DATA EXTRACT:
*** Block opens ***
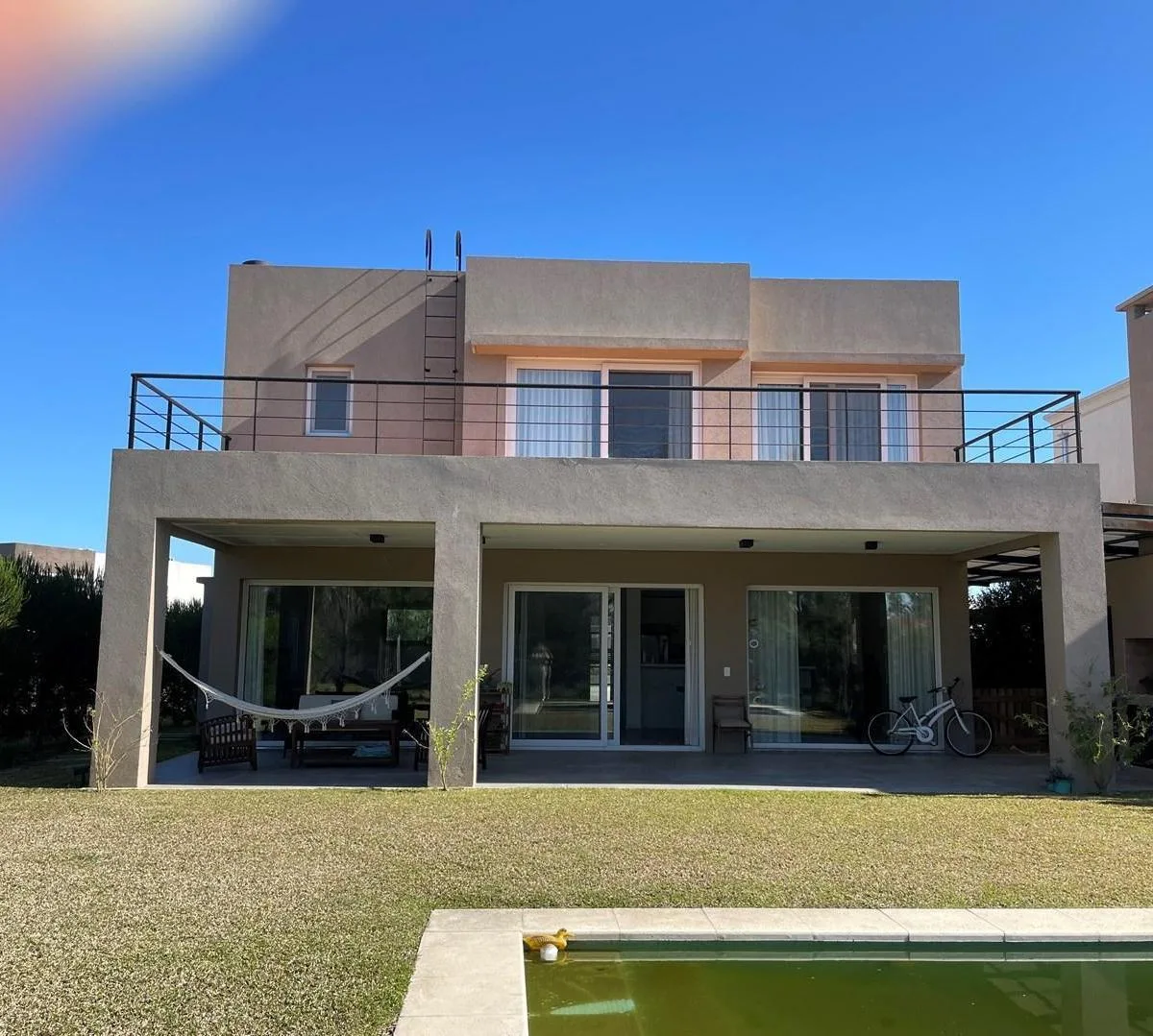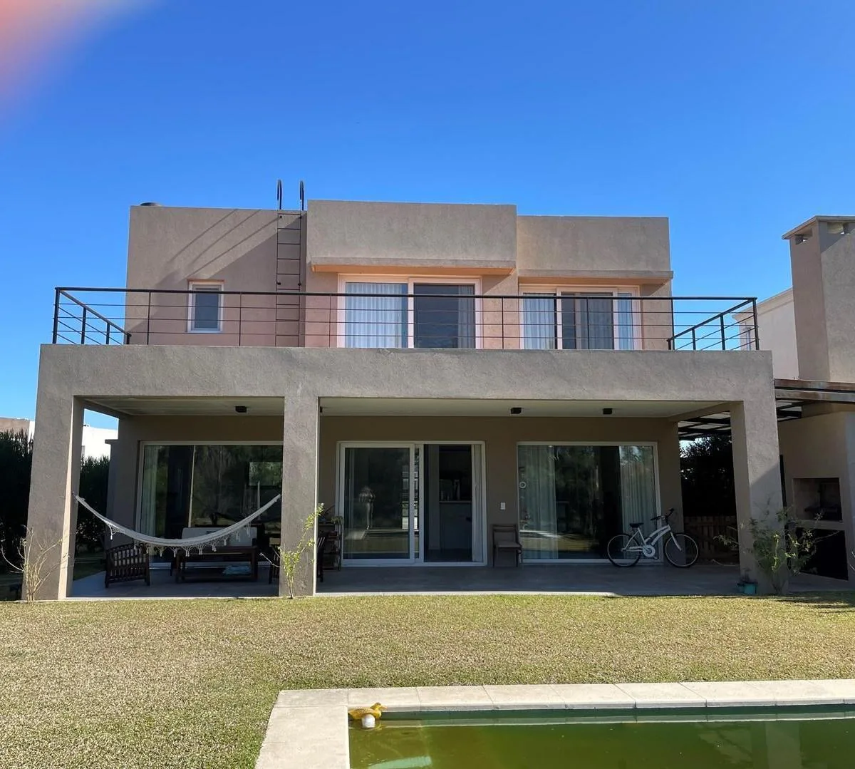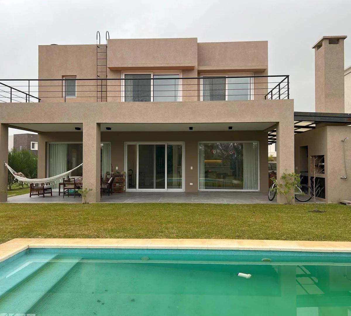 Дом в аренду в Barrio Los Castaños, Nordelta, Tigre. Площадь и состав по m² не указаны. Двухэтажный дом включает просторную гостиную-столовую с интегрированной кухней, гостевой туалет с душем, TV-зону/игровую комнату или 5-е спальню, а также здание для прислуги с собственной ванной и отдельную прачечную. На втором этаже: главная спальня en suite с гардеробной и выходом на большую террасу, 2 спальни в полу-сьюте, 1 junior suite и зона отдыха/игровая или кабинет. Внешняя часть: крытая пергола для
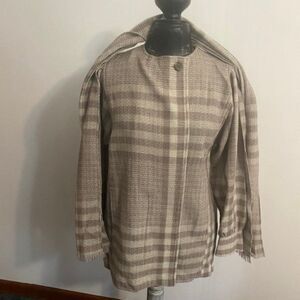A. C. Sport Vintage Tan/Brown Plaid with attached scarf Wool jacket, size XL
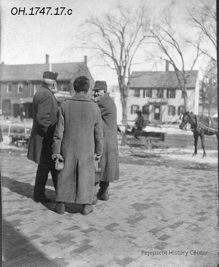 A B/W photograph of Town Meeting Day, Brunswick, ME showing three men talking. circa 1899
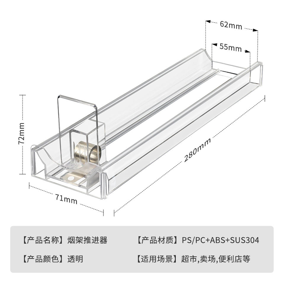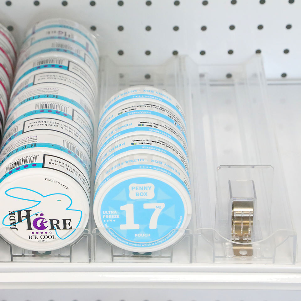 Système de poussoir d'étagère pour sachets de nicotine en boîtes aromatisées, à poussoir automatique pour une classification et une publicité fluides sur les étagères de supermarché
*** Block closes ***
REQUIREMENT: The listing above must be repeated exactly, apart from the pictures.

ANSWER TO THE EXERCISE:
 Дом в аренду в Barrio Los Castaños, Nordelta, Tigre. Площадь и состав по m² не указаны. Двухэтажный дом включает просторную гостиную-столовую с интегрированной кухней, гостевой туалет с душем, TV-зону/игровую комнату или 5-е спальню, а также здание для прислуги с собственной ванной и отдельную прачечную. На втором этаже: главная спальня en suite с гардеробной и выходом на большую террасу, 2 спальни в полу-сьюте, 1 junior suite и зона отдыха/игровая или кабинет. Внешняя часть: крытая пергола для
A. C. Sport Vintage Tan/Brown Plaid with attached scarf Wool jacket, size XL
 A B/W photograph of Town Meeting Day, Brunswick, ME showing three men talking. circa 1899
 Système de poussoir d'étagère pour sachets de nicotine en boîtes aromatisées, à poussoir automatique pour une classification et une publicité fluides sur les étagères de supermarché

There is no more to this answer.